During the final closeout of bays 3, 5, and 7, minor chipping in the epoxy coating was
identified, and described as incidental mechanical damage from personnel entry for
inspection or repair activities. All deficiencies were entered into the corrective action
program and repaired.
During the final closeout of bay 9, an area approximately 8 inches by 8 inches was
identified where the color of the epoxy coating appeared different than the surrounding
area. Because each of the 3 layers of the epoxy coating is a different color, AmerGen
questioned whether the color difference could have been indicative of an original
installation deficiency. This issue was entered into the corrective action program, and
the identified area was re-coated with epoxy.
3.7 Drywell Floor Trench Inspections
a. Scope of Inspection ,
Proposed SER Appendix-A Item 27, ASME Section XI, Subsection IWE Enhancements
(5, 16, & 20), stated:
Perform visual test (VT) and ultrasonic test (UT) examinations of the drywell shell
inside the drywell floor inspection trenches in bay 5 and bay 17 during the 2008
refueling outage, at the same locations that were examined in 2006. In addition,
monitor the trenches for the presence of water during refueling outages.
The inspectors observed non-destructive examination (NDE) activities and reviewed UT
examination records. In addition, the inspectors directly observed conditions in the
trenches on multiple occasions during the outage. The inspectors compared UT data to
licensee established acceptance criteria in Specification IS-318227-004, revision 14,
"Functional Requirements for Drywell Containment Vessel Thickness Examinations,"
and to design analysis values for minimum wall thickness in calculations C-1302-187-
E310-041, revision 0, "Statistical Analysis of Drywell Sand Bed Thickness Data 1992,
1994, 1996, and 2006," and C-1302-187-5320-024, revision 2, "Drywell External UT
Evaluation in the Sand Bed." In addition, the inspectors reviewed Technical Evaluation
(TE) 330592.27.43, "2008 UT Data of the Sand Bed Trenches."

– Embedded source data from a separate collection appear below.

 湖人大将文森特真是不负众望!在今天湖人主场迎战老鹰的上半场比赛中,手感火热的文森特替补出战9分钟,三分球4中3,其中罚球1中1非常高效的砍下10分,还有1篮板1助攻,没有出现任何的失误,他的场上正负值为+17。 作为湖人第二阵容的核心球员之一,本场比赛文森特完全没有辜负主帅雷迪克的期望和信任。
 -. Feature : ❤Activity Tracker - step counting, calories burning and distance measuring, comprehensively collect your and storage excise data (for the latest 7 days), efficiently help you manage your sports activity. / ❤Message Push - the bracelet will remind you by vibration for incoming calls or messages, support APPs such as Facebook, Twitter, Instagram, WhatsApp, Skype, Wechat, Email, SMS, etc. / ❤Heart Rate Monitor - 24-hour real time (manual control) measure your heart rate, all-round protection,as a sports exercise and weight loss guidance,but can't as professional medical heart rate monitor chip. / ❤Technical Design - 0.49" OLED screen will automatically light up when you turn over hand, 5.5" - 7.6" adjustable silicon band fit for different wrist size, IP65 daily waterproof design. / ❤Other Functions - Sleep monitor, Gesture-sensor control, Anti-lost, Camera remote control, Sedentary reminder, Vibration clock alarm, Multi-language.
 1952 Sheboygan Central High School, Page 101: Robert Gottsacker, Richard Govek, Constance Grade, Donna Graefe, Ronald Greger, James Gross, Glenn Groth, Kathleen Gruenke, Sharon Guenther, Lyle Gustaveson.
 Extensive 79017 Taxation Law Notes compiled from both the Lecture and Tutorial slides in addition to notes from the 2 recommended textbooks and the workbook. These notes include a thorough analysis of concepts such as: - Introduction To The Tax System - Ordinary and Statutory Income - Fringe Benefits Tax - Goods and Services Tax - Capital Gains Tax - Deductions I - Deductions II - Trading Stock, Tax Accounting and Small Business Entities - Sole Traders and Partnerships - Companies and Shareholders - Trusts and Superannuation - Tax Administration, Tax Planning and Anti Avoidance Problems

The inspectors reviewed Exelon UT examination procedures, interviewed NDE
supervisors and technicians, reviewed a sample of NDE technician UT qualifications.
The inspectors also reviewed records of trench inspections performed during two non-
refueling plant outages during the last operating cycle.
b. Observations
TE 330592.27.43 determined the UT thickness values satisfied the general uniform
minimum wall thickness criteria (e.g., average thickness of an area) and the locally
thinned minimum wall thickness criteria (e.g., areas 2 inches or less in diameter), as
applicable. For UT data sets, such as 7x7 arrays (i.e., 49 UT readings in a 6 inch by 6
inch grid), the TE calculated statistical parameters and determined the data sets had a
normal distribution. The TE also compared the data set values to the corresponding
2006 values and concluded there were no significant differences and no observable on-
going corrosion. The inspectors independently verified that the UT thickness values
satisfied applicable acceptance criteria.
During two non-refueling plant outages during the last operating cycle, both trenches
were inspected for the presence of water and found dry.
During the initial drywell entry on Oct. 25, the inspectors observed that both floor
trenches were dry. On subsequent drywell entries for routine inspection activities, the
inspectors also observed the trenches to be dry. During the final drywell closeout
inspection on Nov. 17, the inspectors observed the following:
e Bay 17 trench was dry and had newly installed sealant on the trench edge
where concrete meets shell, and on the floor curb near the trench.
9 Bay 5 trench had a few ounces of water in it. The inspector noted that within
the last day there had been several system flushes conducted in the immediate
area. AmerGen stated the trench would be dried prior to final drywell closeout.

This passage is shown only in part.